Robert M. La Follette School of Public Affairs
Wednesday, February 28, 2018

Viewing one’s FICO Score improves financial behavior, study shows

Viewing one’s FICO Score improves financial behavior, study shows

Student-loan borrowers nudged to view their FICO Score had on average fewer past due accounts and a higher FICO Score one year later, a study by La Follette School Assistant Professor Rourke O’Brien and colleagues shows.

The multi-year randomized control trial with more than 400,000 Sallie Mae student loan borrowers was designed to test the impact of a person viewing their FICO Score on a range of financial outcomes, including repayment behaviors.

Lenders use FICO (Fair Isaac Corporation) Scores to help them make billions of credit-related decisions every year.
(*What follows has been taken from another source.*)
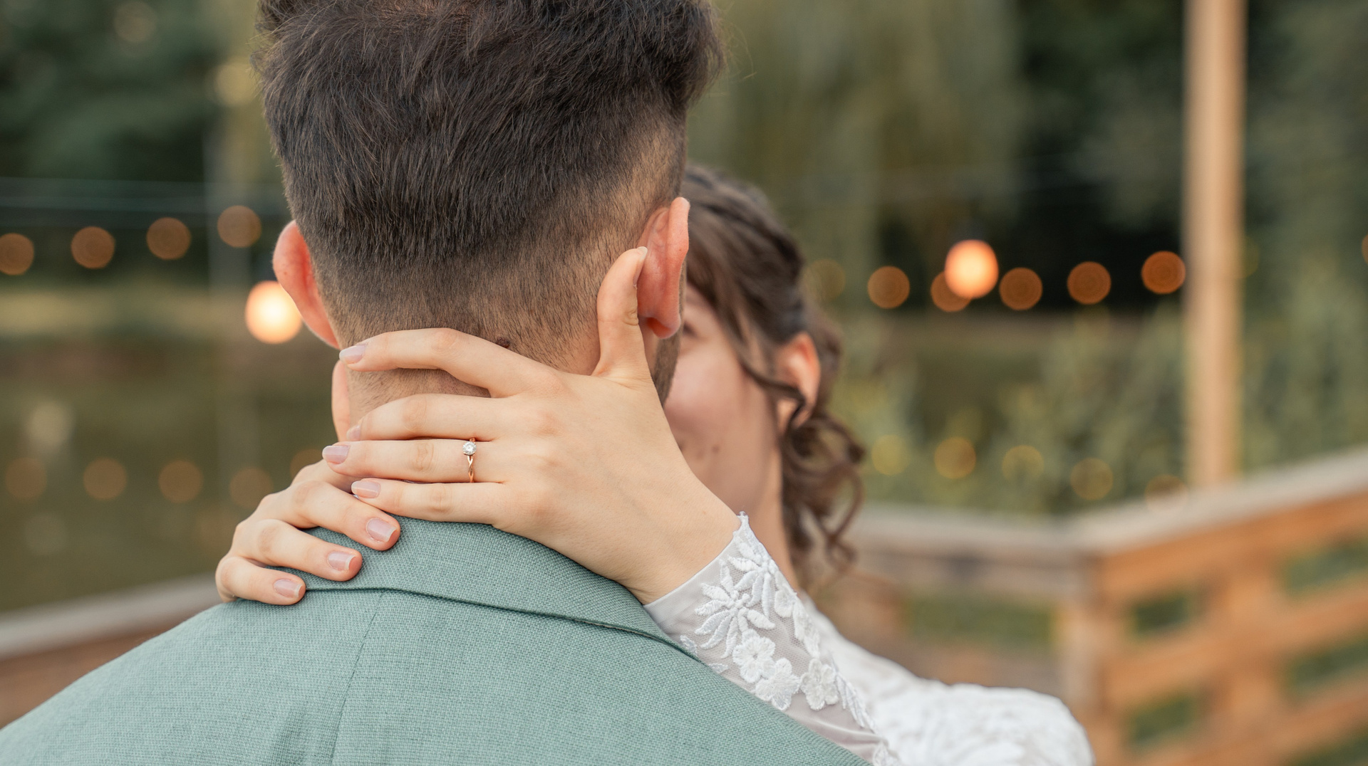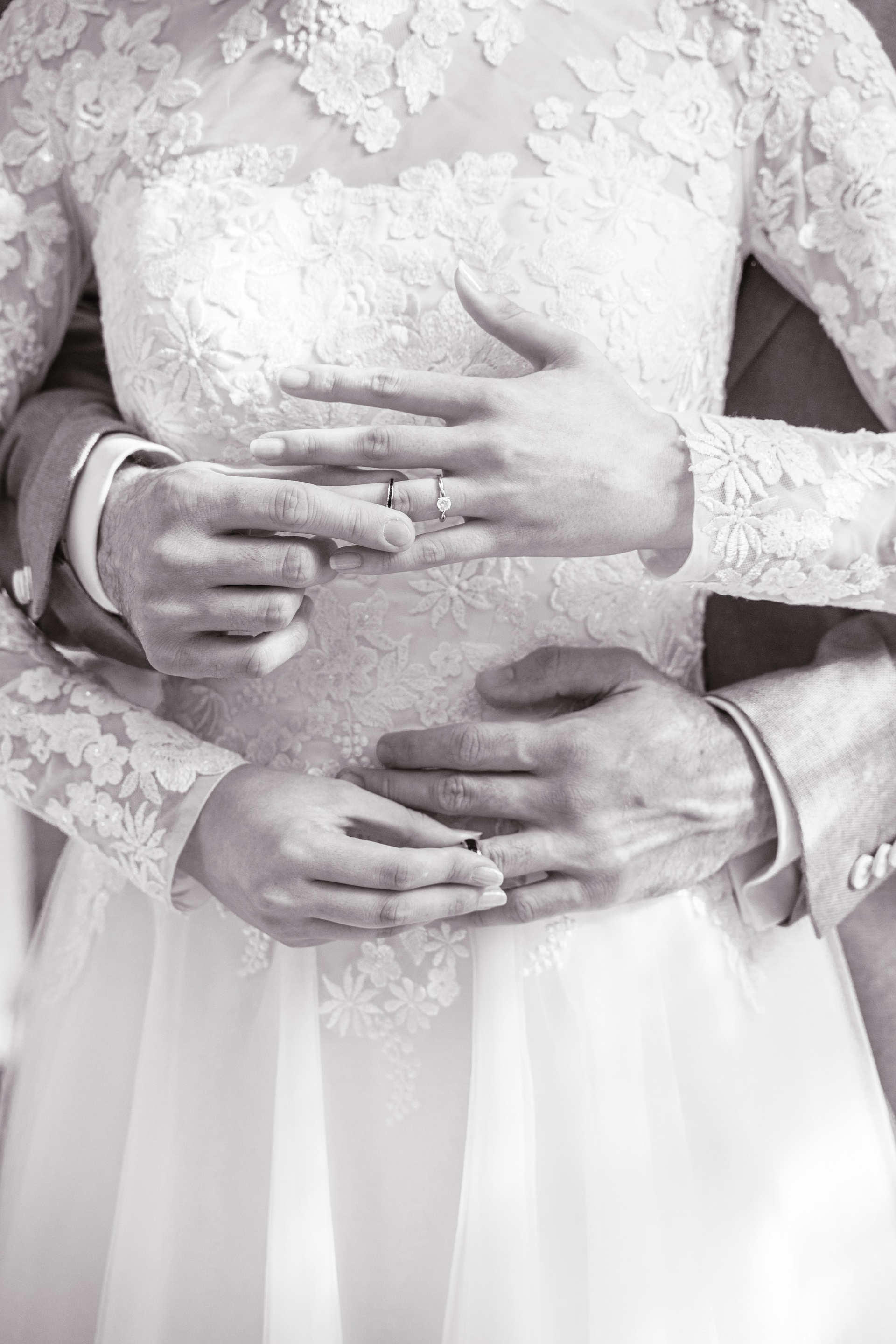 Îmbrățișarea verighete. Un detaliu cald ce pune în evidență inelul de logodnă și siguranța brațelor partenerului.

Sallie Mae offers education loans for undergraduate, graduate, and professional students to help bridge the gap between personal resources and financial aid.
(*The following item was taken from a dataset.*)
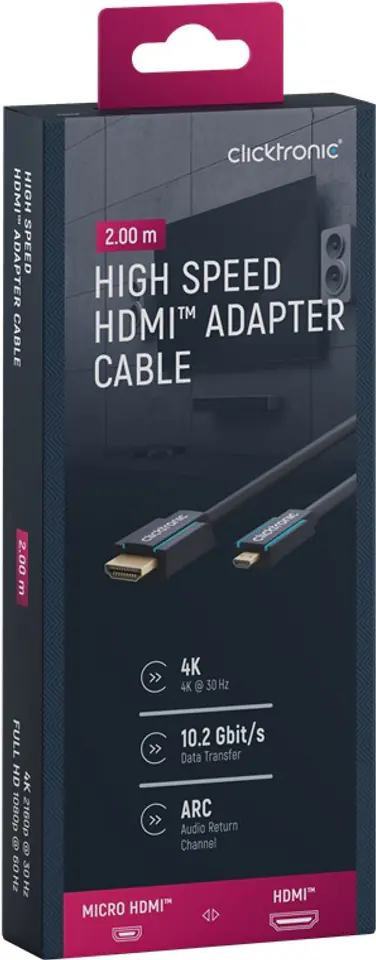 High-quality, thick, solid HDMI to HDMI micro cable for clear and high-quality audio and video.

O’Brien, Abby Sussman of The University of Chicago Booth School of Business, and Tatiana Homonoff of New York University’s Wagner School of Public Service conducted the multi-year randomized control trial.

Borrowers in the treatment group received quarterly email nudges to log in to Sallie Mae’s website and view their FICO score. Those in the control group received no email nudges but could still access their score.

These findings indicate that engagement with a personalized, quantified, dynamic measure of creditworthiness may help people make better financial decisions,” said O’Brien. “They also underscore the potential for targeted, low-cost scalable interventions to improve financial behavior and creditworthiness.”